WHAT YOU WILL DO
What is needed is a word-for-word copy of the lines below from the one with "В результате средний" through the one with "Photo taken on", both included, with every picture left out.

EXTRACTED DATA
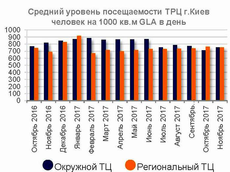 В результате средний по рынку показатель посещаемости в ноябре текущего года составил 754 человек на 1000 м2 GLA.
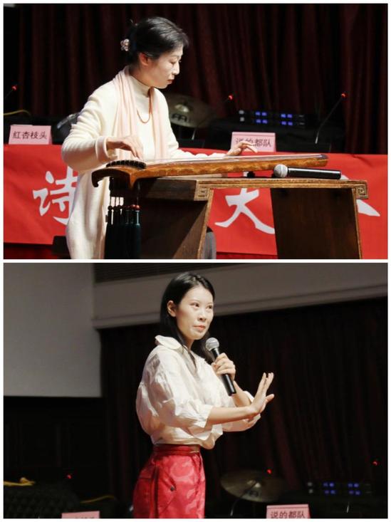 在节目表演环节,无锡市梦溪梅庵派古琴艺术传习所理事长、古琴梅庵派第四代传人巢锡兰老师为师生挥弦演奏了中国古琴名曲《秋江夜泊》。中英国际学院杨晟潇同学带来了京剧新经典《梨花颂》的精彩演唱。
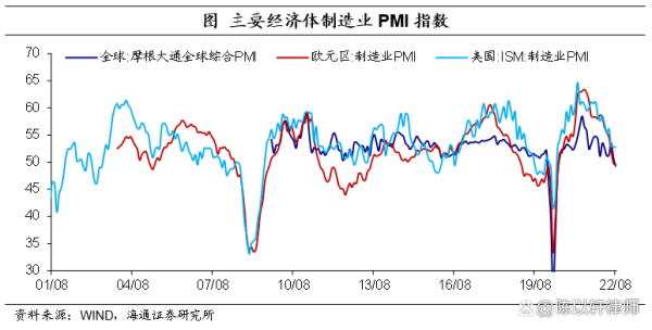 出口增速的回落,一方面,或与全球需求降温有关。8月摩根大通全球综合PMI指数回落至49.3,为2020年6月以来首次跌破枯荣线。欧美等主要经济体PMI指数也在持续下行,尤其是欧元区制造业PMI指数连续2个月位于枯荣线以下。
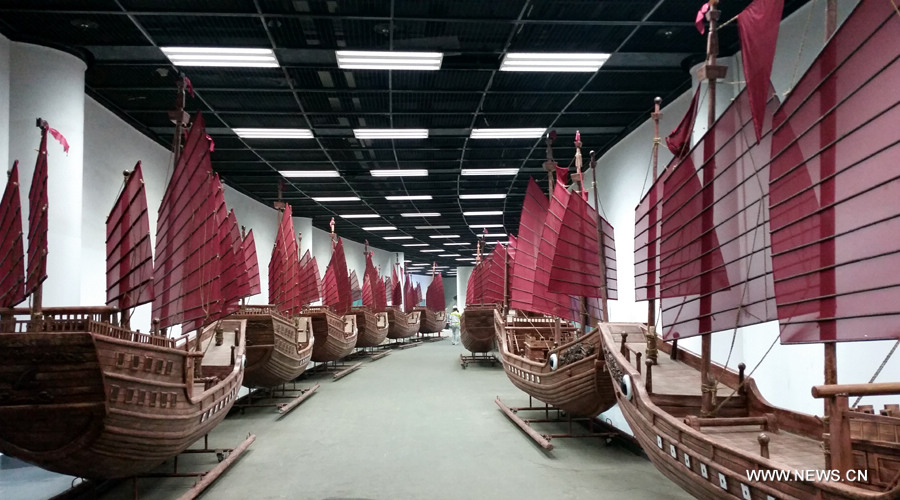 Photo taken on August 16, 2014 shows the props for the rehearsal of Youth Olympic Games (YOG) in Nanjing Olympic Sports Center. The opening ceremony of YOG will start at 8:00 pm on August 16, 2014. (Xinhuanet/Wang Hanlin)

==

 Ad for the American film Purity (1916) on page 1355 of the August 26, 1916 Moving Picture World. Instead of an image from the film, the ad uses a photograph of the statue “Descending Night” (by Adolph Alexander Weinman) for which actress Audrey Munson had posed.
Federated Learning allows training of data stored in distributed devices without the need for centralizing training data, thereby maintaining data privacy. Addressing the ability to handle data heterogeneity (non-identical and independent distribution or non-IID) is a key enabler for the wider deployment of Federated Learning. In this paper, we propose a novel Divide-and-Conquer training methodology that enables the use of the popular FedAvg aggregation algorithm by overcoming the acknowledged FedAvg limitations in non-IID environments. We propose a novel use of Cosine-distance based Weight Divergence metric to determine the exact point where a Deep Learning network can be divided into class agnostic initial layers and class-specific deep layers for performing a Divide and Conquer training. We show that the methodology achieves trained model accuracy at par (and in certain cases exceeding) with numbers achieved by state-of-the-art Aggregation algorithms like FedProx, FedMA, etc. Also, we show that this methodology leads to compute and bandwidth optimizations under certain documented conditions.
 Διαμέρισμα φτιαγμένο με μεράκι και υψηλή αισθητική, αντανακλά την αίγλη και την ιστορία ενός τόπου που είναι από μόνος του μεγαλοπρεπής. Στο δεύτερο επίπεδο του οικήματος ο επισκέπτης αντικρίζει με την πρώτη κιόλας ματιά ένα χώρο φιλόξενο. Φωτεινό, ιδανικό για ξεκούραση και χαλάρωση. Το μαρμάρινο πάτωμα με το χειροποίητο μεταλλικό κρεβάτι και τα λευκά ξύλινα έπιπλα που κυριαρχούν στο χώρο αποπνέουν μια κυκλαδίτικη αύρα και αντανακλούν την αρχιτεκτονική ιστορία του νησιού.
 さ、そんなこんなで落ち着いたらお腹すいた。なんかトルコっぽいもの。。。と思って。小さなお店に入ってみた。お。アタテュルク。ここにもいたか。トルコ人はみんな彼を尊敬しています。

==

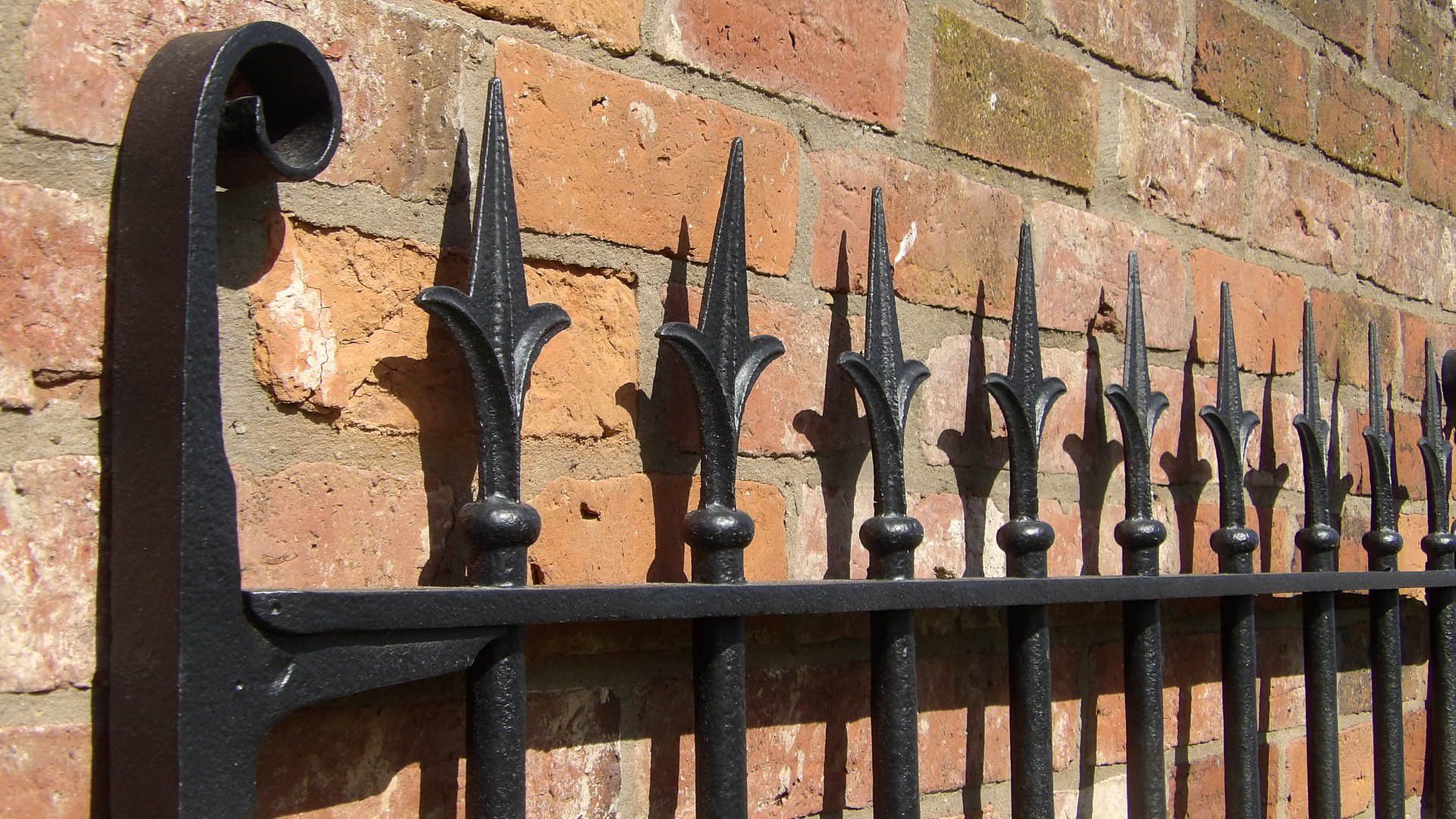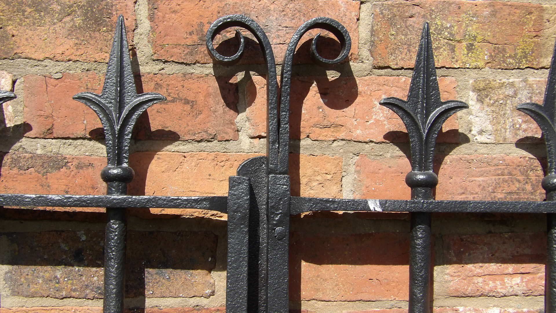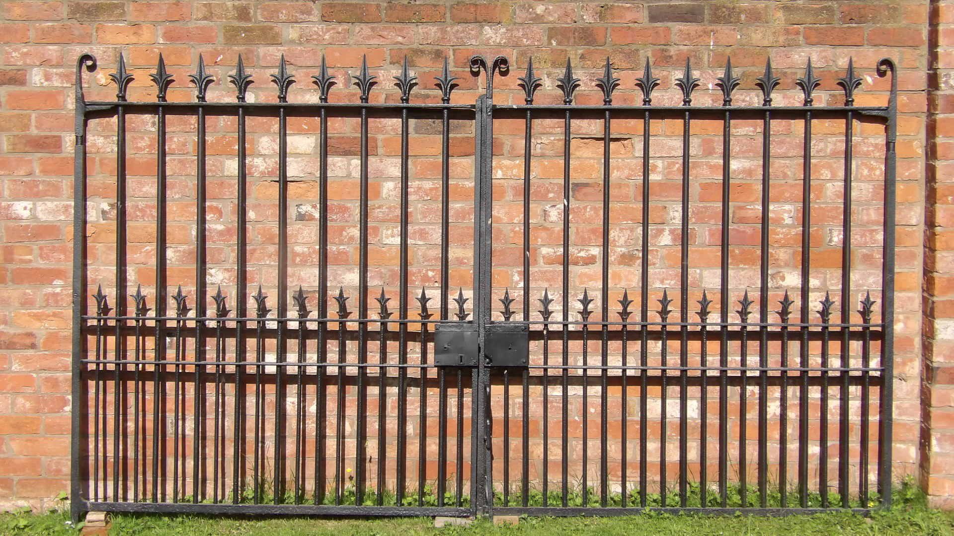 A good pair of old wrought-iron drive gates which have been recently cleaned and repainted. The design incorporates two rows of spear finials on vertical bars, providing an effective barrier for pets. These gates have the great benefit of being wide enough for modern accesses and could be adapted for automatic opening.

EXERCISE OUTPUT
 В результате средний по рынку показатель посещаемости в ноябре текущего года составил 754 человек на 1000 м2 GLA.
 在节目表演环节,无锡市梦溪梅庵派古琴艺术传习所理事长、古琴梅庵派第四代传人巢锡兰老师为师生挥弦演奏了中国古琴名曲《秋江夜泊》。中英国际学院杨晟潇同学带来了京剧新经典《梨花颂》的精彩演唱。
 出口增速的回落,一方面,或与全球需求降温有关。8月摩根大通全球综合PMI指数回落至49.3,为2020年6月以来首次跌破枯荣线。欧美等主要经济体PMI指数也在持续下行,尤其是欧元区制造业PMI指数连续2个月位于枯荣线以下。
 Photo taken on August 16, 2014 shows the props for the rehearsal of Youth Olympic Games (YOG) in Nanjing Olympic Sports Center. The opening ceremony of YOG will start at 8:00 pm on August 16, 2014. (Xinhuanet/Wang Hanlin)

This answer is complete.